- Born: 22 July 1921 Glen Innes, New South Wales
- Died: 17 September 2011 (aged 90) Bangalow, New South Wales, Australia
- Education: Sydney Technical College
- Occupation: Architect
- Awards: Sir John Sulman Medal 1966, 1970 Royal Australian Institute of Architects Gold Medal 1981
- Practice: Edwards Madigan Torzillo and Partners
- Buildings: National Gallery of Australia

= Colin Madigan =

Australian architect

Colin Frederick Madigan (22 July 1921 – 17 September 2011) was an Australian architect. He is best known for designing the National Gallery of Australia in Canberra.

==Biography==
Born in Glen Innes, New South Wales, Madigan studied architecture at Sydney Technical College from 1939 to 1941. He enlisted in the Royal Australian Navy in 1941, and was one of the few survivors of the sinking of the corvette HMAS Armidale off Timor in 1942.

In 1951 Madigan, Maurice Edwards and Jack Torzillo formed the firm, Edwards Madigan Torzillo and Partners, whose work was mostly on public projects such as public housing, public libraries, schools and offices. A notable building from this period was the Warringah Council Library at Dee Why, New South Wales, which was awarded the Sir John Sulman Medal for architecture in 1966. In 1968, they won the design competition for the National Gallery of Australia. Later, Madigan supervised construction of the High Court of Australia Building after its designer Christopher Kringas died in March 1975, just prior to the start of construction in April 1975. The unsuccessful design for the new Australian Parliament House in Canberra was one of the shortlisted finalists in the architectural design competition.

He retired in 1989.

Madigan also wrote a book on the sinking of HMAS Armidale in 1942, Armidale '42 : a survivor's account.

In later years, Madigan vigorously opposed plans to build a new entrance to the National Gallery of Australia.
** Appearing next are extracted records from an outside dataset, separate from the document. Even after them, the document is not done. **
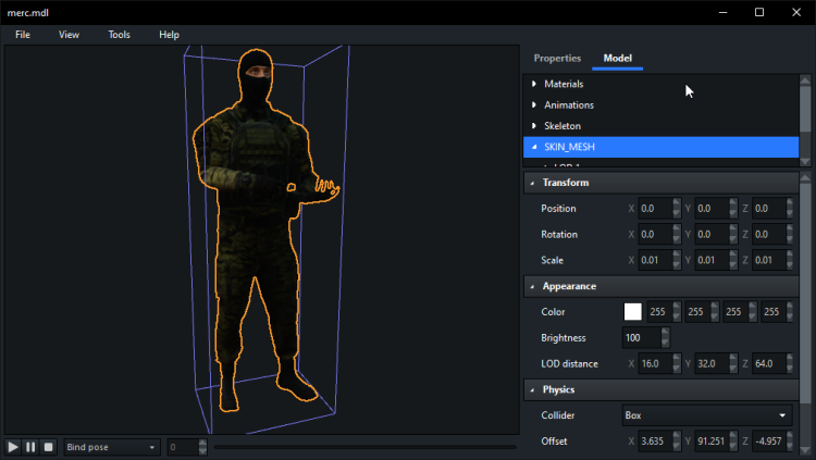 @Josh When I set the model's physical collider to box (fig.1), the model falls to the floor at the start of the level (fig.2). But when I set the model's physical collider to mesh (fig.3), the model doesn't fall to the floor (fig.4).
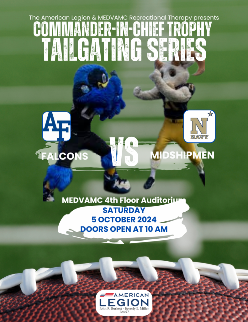 The American Legion John R. Burkett – Beverly E. Miller Post 77 is sponsoring the Commander-In-Chief Trophy Tailgating Series for our veterans at MEDVAMC.
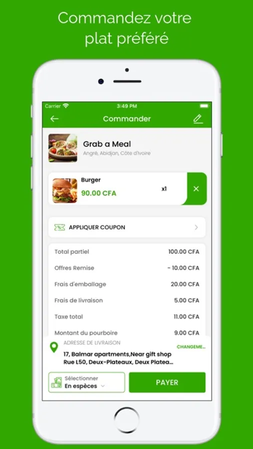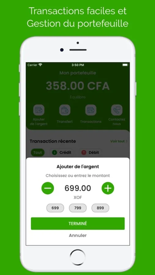 d – Payez en espece ou par carte de credit ou depuis votre portefeuille intégré
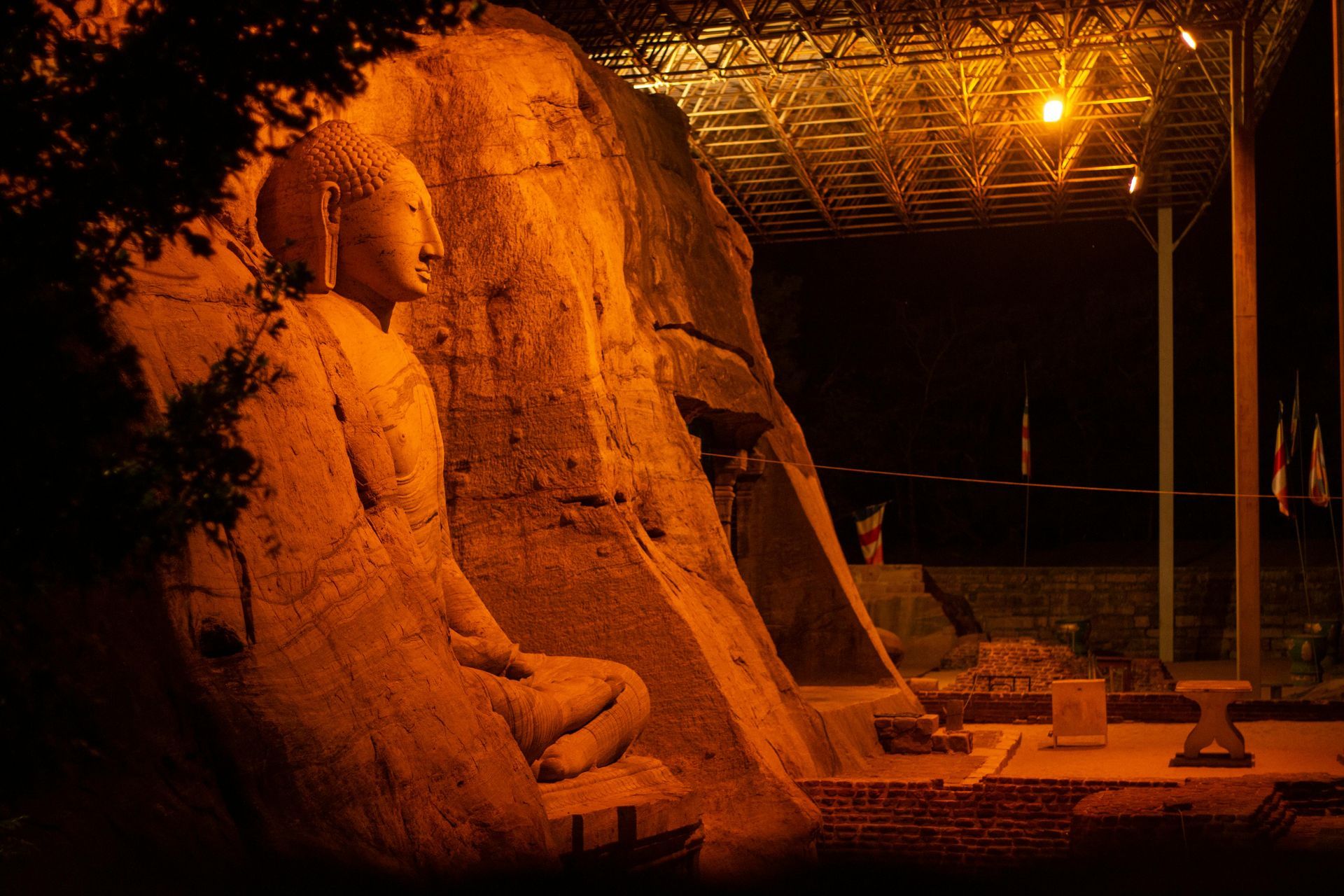 At the heart of Polonnaruwa stands the Gal Vihara — a set of four colossal Buddha statues carved from a single granite wall, considered masterpieces of Sri Lankan sculpture. Each figure embodies grace and spiritual calm, from the meditative seated pose to the solemn serenity of the reclining Buddha.
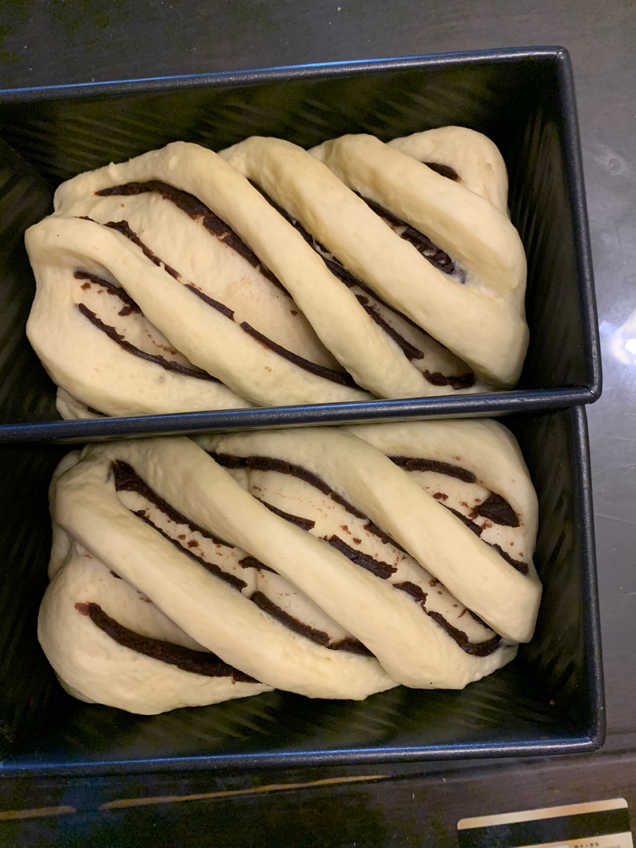 步骤15、放入吐司盒中进行二次发酵。烤箱里放碗热水增加湿度。
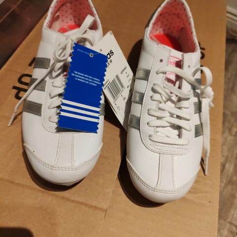 Klassisen malliset Adidaksen juoksutossut. Kokomerkintä 391/3. Mustalla pohjalla kultaiset yksityiskohdat, valkoiset pohjat. Uudet / käyttämättömät, laatikon saa halutessaan mukaan. Joko nouto Kalasatamasta tai postikulut ostajalle.
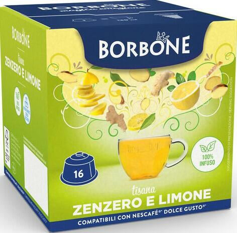 Caffé Borbone Tea citrommal Dolce Gusto kapszula 16db A csatlakozástól a gyömbér gyökér és a citrom hihetetlenül energizáló gyógyteát hoz létre. Összetétel: Gyömbér 40%, citrom fű, Édesgyökér, menta 5%, hibiszkusz. Citromhéj 1%, fekete bors. Citromsav. Allergén anyagok: nincs megadva. Javasolt adagolás: 140 ml Energiaérték 140 ml-re: Energia 3 kJ/1 kcal. Zsírok 0 g, ebb
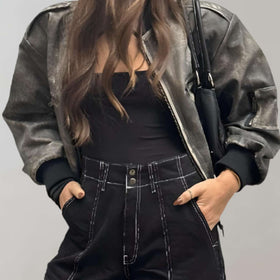 Diese modische Lederjacke für Frauen in Kurzform ist ein echtes Statement-Stück. Klassischer Leder-Look trifft modernes, kurzes Design für einen stilvollen Auftritt. Schutz vor Kälte und Wind, ideal für Herbst/Winter. Casual oder schick kombinierbar, für einen edgigen und zeitlosen Look.

He died, aged 90, in Bangalow, New South Wales on 17 September 2011, survived by his wife Ruby (née Court-Rice), their son Guy (born 1952) and a grandson.

==Honours==
Madigan received a Gold Medal from the Royal Australian Institute of Architects in 1981.

He was appointed an Officer of the Order of Australia in the Australia Day Honours of 1984, and was awarded the Centenary Medal in 2001.